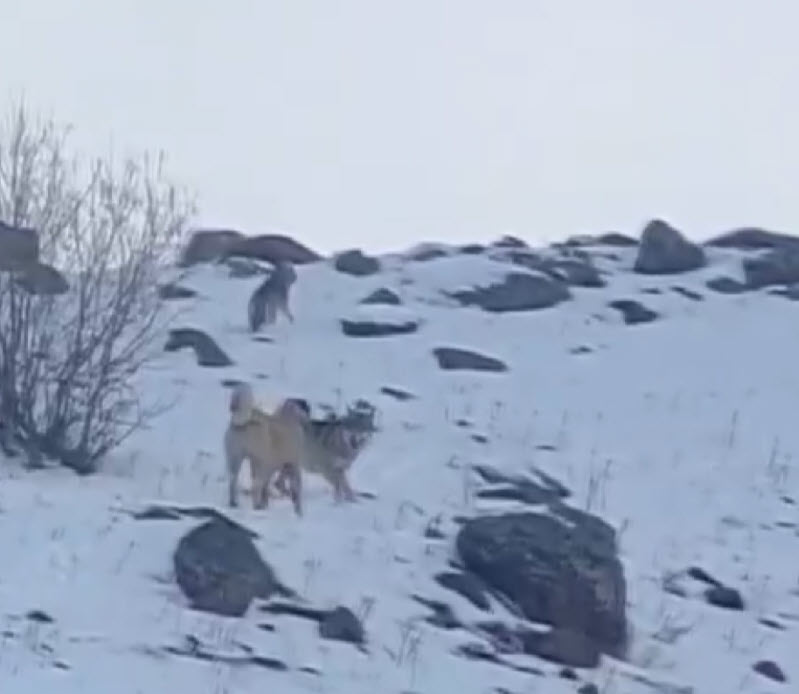 Ardahan'ın Hanak ilçesi kırsalında kurdun köpeğe saldırısı vatandaşın cep telefonuna yansıdı. Operatörün köpeği ile kurtların kapışmasını çektiği görüntü sosyal medyada tepki topladı.
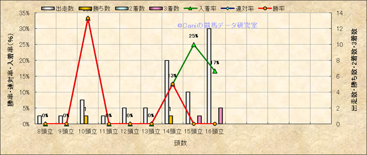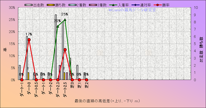 コース、最後の直線の高低差別成績(平地) |
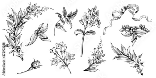 Sketch Of Rose Isolated On White Background Use For Fabric Design
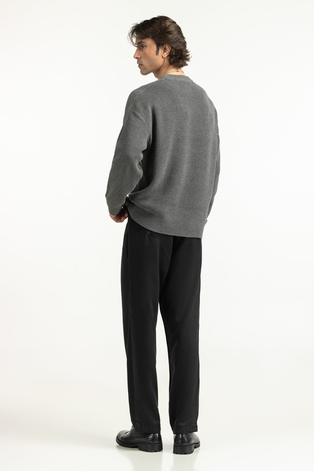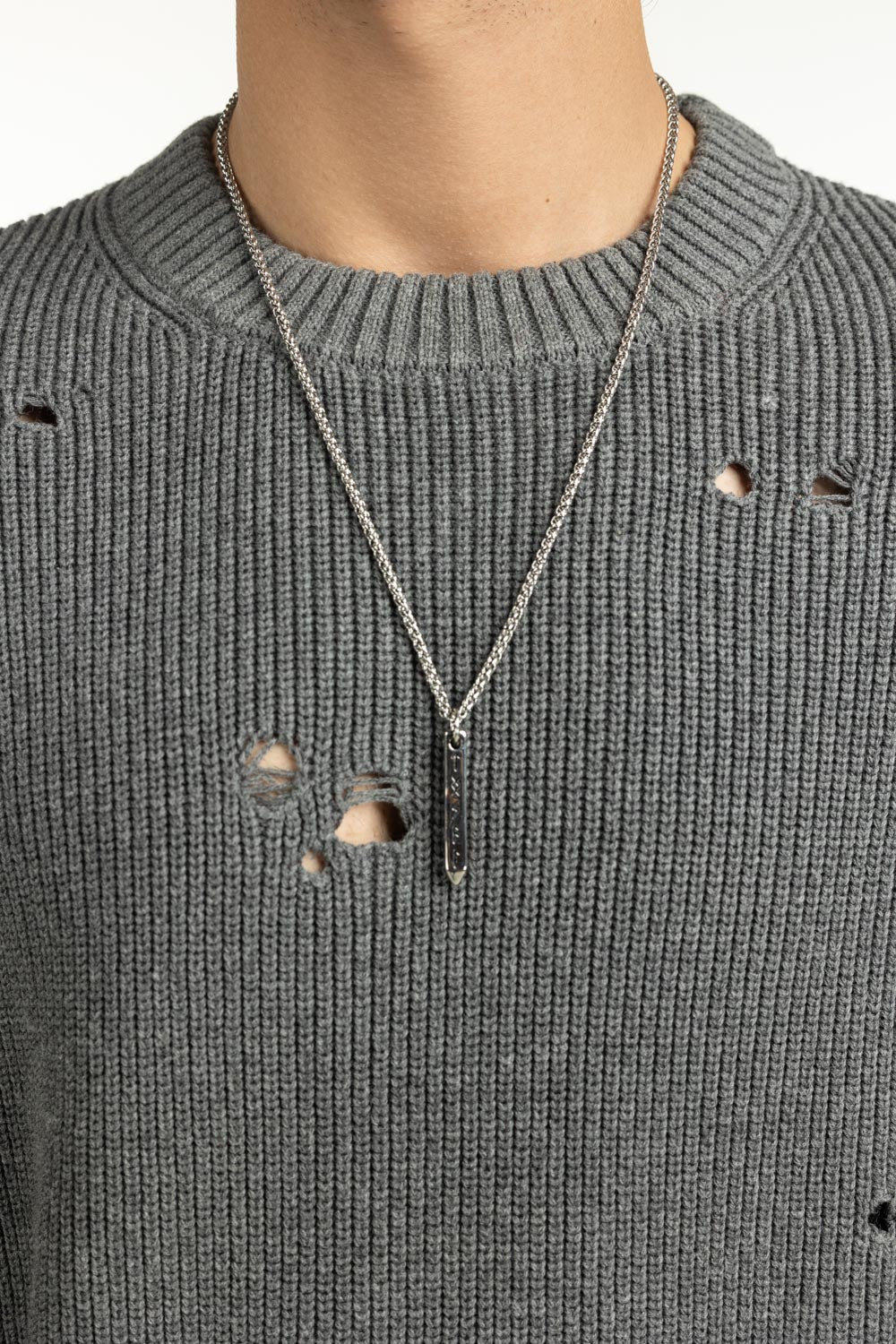 A statement of a refined rebellion, this crew neck sweater carries a torn-out design that adds an edge to winter layering. Crafted from 100% cotton, it balances softness with a durable structure. The regular fit offers easy movement while keeping the silhouette sleek and contemporary. Perfect for the man who values comfort with a touch of rugged charm.
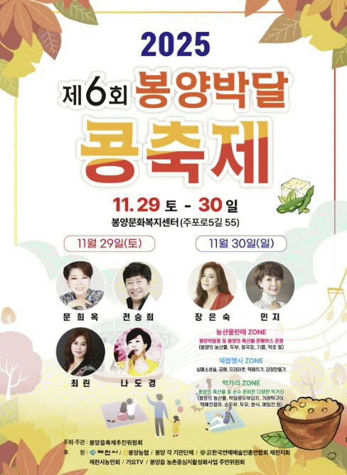 À̹ø ÃàÁ¦´Â ºÀ¾çÀ¾ ³óÃÌÁß½ÉÁöȰ¼ºÈ»ç¾÷ ¸¶À»ÇùÀÇü°¡ ¸¶À» ÁÖ¹ÎÀÇ ÈÇÕ°ú ³ó»ê¹° ÆÇ¸Å Áõ´ë¸¦ À§ÇØ ±âȹÇÑ Çà»ç·Î, °¡¿äTV¸¦ ÃÊÃ»ÇØ ¿©·¯ °¡¼ö°¡ Ã⿬ÇÏ´Â ½Å³ª´Â °ø¿¬µµ ÁغñµÇ¾î ÀÖ¾î ¹æ¹®°´µé¿¡°Ô dz¼ºÇÑ Áñ±æ °Å¸®¸¦ Á¦°øÇÒ °èȹÀÌ´Ù.
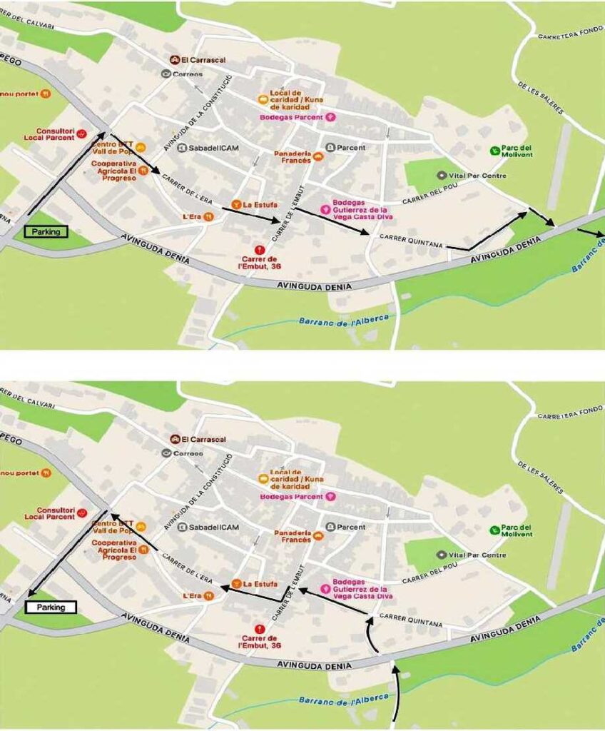 - Going towards Pego from the meeting point, take the first road on the right ‘Av de la Constitucio’. Walk
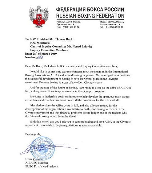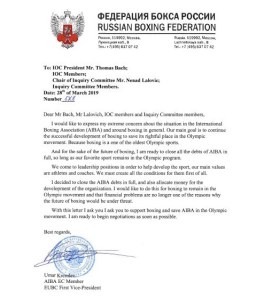 Per accelerare i tempi è intervenuto Umar Kremlev (foto sopra), che si è candidato alla presidenza con una dichiarazione all’agenzia Tass (il Congresso elettivo dovrebbe essere convocato entro metà dicembre 2019). Il russo è uscito allo scoperto: in una lettera (foto sotto) inviata a Thomas Bach, presidente del CIO (e pubblicata dal sito insidethegames.biz), ha annunciato l’intenzione di coprire con le sue finanze personali i debiti AIBA per l’intero ammontare dei 16 milioni di dollari. Nella stessa lettera dice di essersi convinto a offrire il suo contributo per il bene del pugilato, sperando che l’azzeramento dei problemi economici conservi la presenza di questo sport all’interno dei Giochi. Kremlev chiude la missiva invitando Bach a tutelare la figura dell’AIBA all’interno del movimento olimpico.
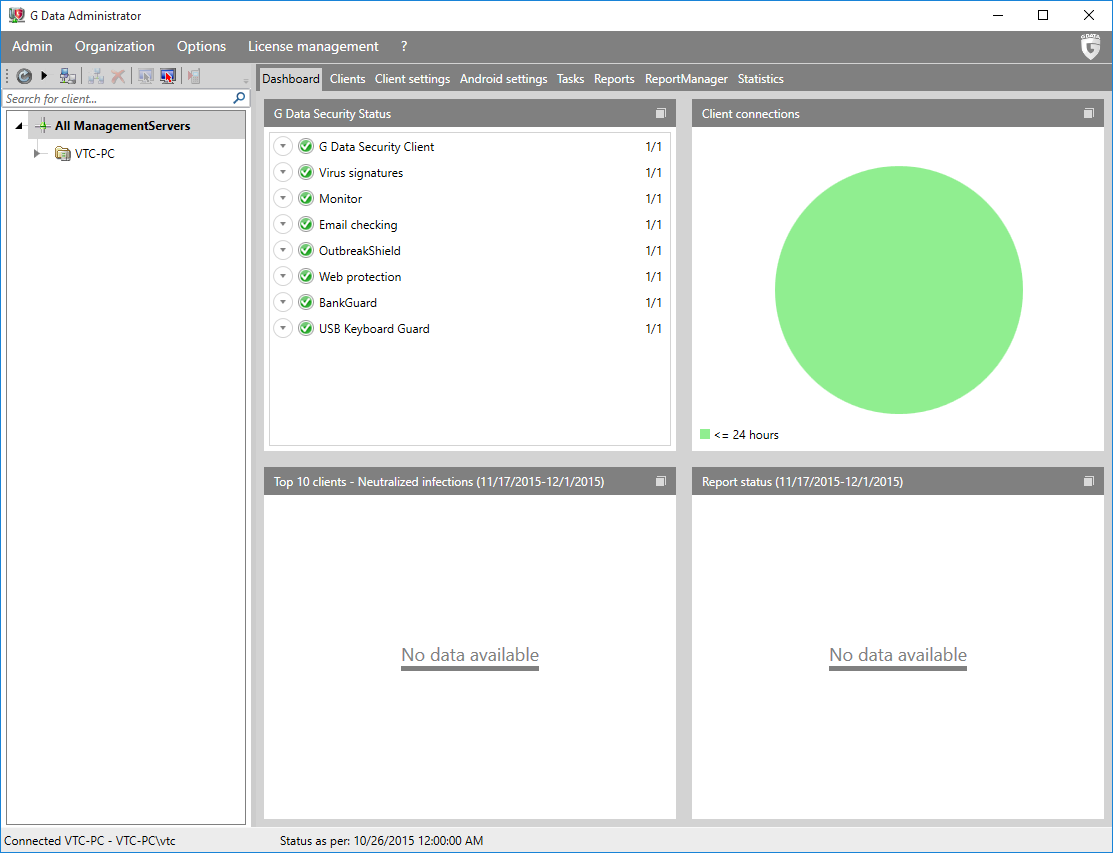 urante los meses de noviembre y diciembre de 2015, en AV-TEST hemos examinado la configuración establecida por los proveedores de 11 productos de seguridad destinados a las empresas (Endpoint Protection). En las pruebas siempre hemos utilizado las versiones más actuales de los productos de acceso al público las cuales se pudieron actualizar en cualquier momento y también utilizar sus servicios "en la nube”. Solo hemos tenido en cuenta escenarios de pruebas realistas y hemos comprobado los productos contra las amenazas actuales. Los productos han tenido que demostrar sus capacidades aplicando todas sus funciones y niveles de protección.

**Work order:** May I have only the lines from the start of the data through the line containing "Sketch Of Rose", both included, reproduced exactly and without the pictures?

**Answer for this exercise:**
 Ardahan'ın Hanak ilçesi kırsalında kurdun köpeğe saldırısı vatandaşın cep telefonuna yansıdı. Operatörün köpeği ile kurtların kapışmasını çektiği görüntü sosyal medyada tepki topladı.
 コース、最後の直線の高低差別成績(平地) |
 Sketch Of Rose Isolated On White Background Use For Fabric Design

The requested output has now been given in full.